Exclude all pictures, and reproduce exactly the lines from the one containing "在广西龙胜各族自治县伟江乡布" through the end of the records, with nothing else added.

→ **Given data**:
Start of Block

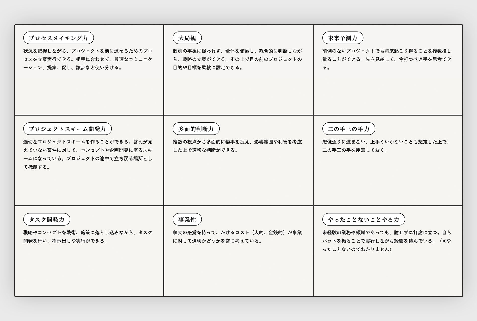 新卒・中途・管理職研修、新規事業開発、ワークショップ企画、評価制度や採用企画、価値観・ビジョンの浸透や、インナーブランディングまで。
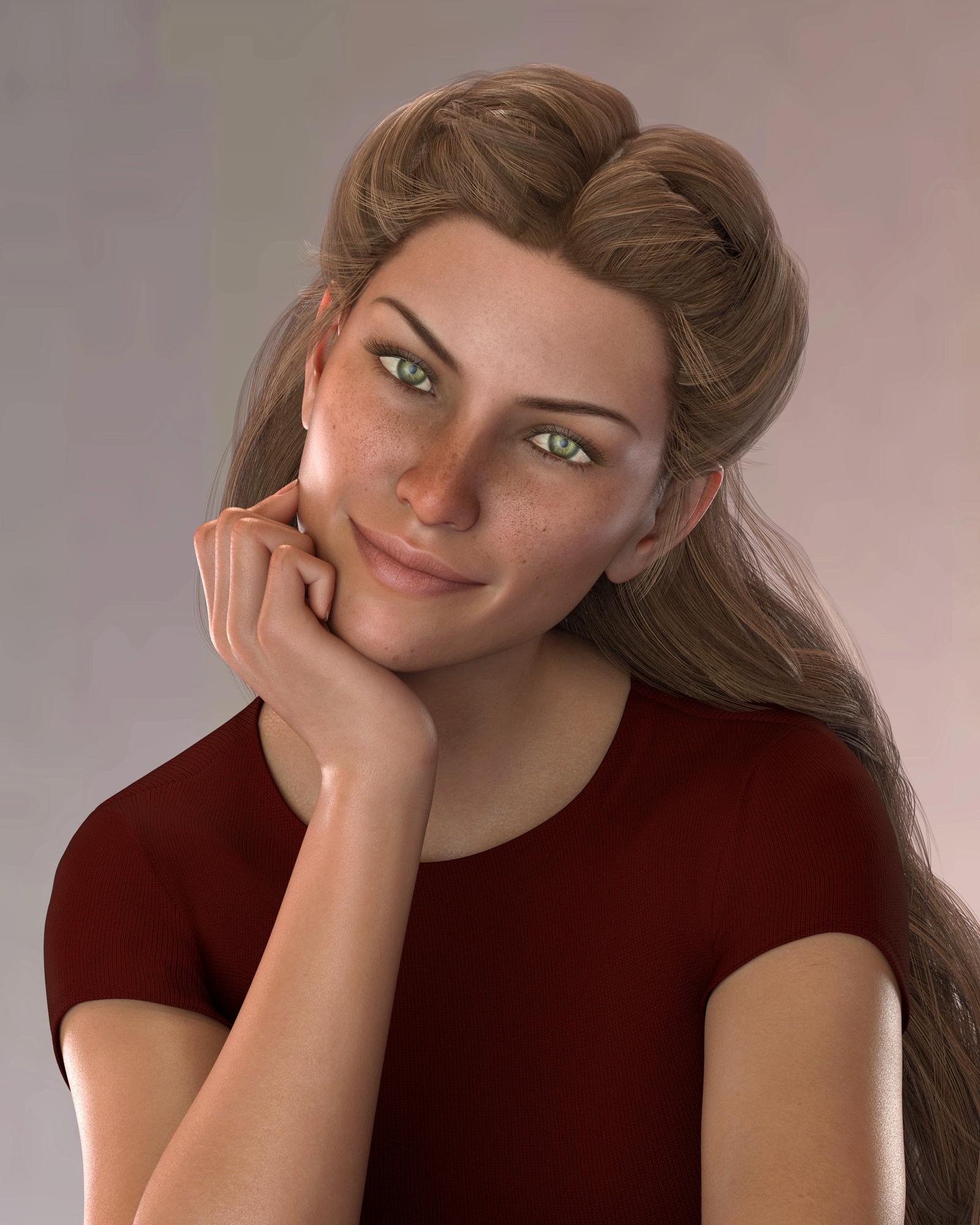 Here is a combination of Brita, Frida, and Girl 7 (and a bunch of individual morphs dialed in by the randomizer). I transferred the whole shape as a single morph. The skin is Haven for Girl 7 with surface changes. The eyes were borrowed from V8. The hair is Reyna.
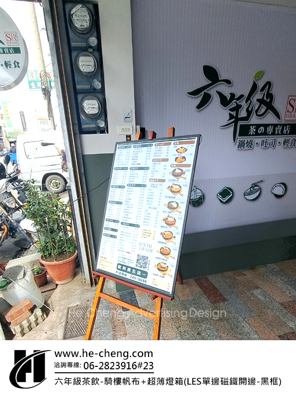 六年級茶飲-騎樓帆布+超薄燈箱(LES單邊磁鐵開邊-黑框)
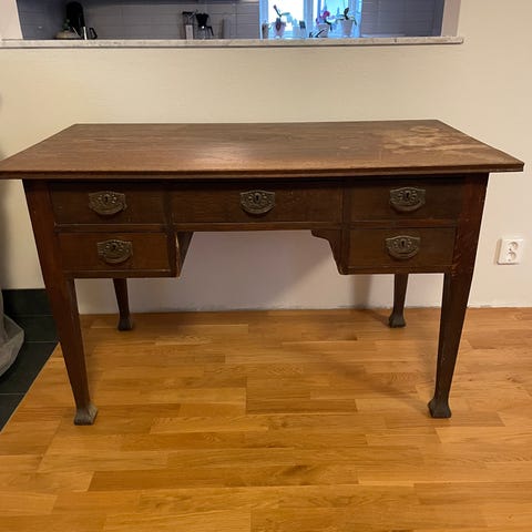 Antikt skrivbord i trä med två lådor (nyckel ingår)
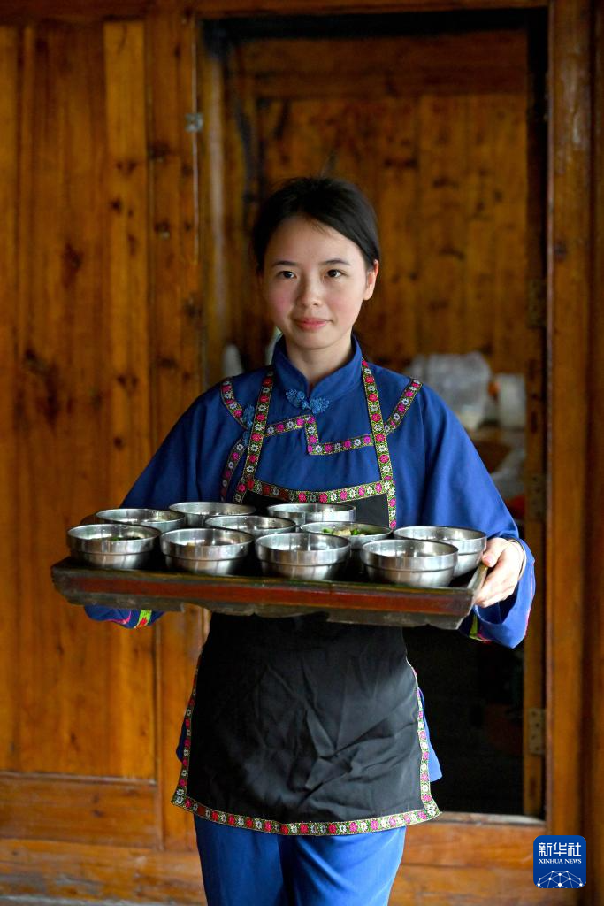 在广西龙胜各族自治县伟江乡布弄村,一名女子为客人端上煮好的油茶(6月26日摄)。
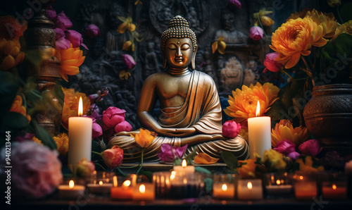 Buddha Statue surrounded by colorful flowers

End of Block

→ **Response**:
 在广西龙胜各族自治县伟江乡布弄村,一名女子为客人端上煮好的油茶(6月26日摄)。
 Buddha Statue surrounded by colorful flowers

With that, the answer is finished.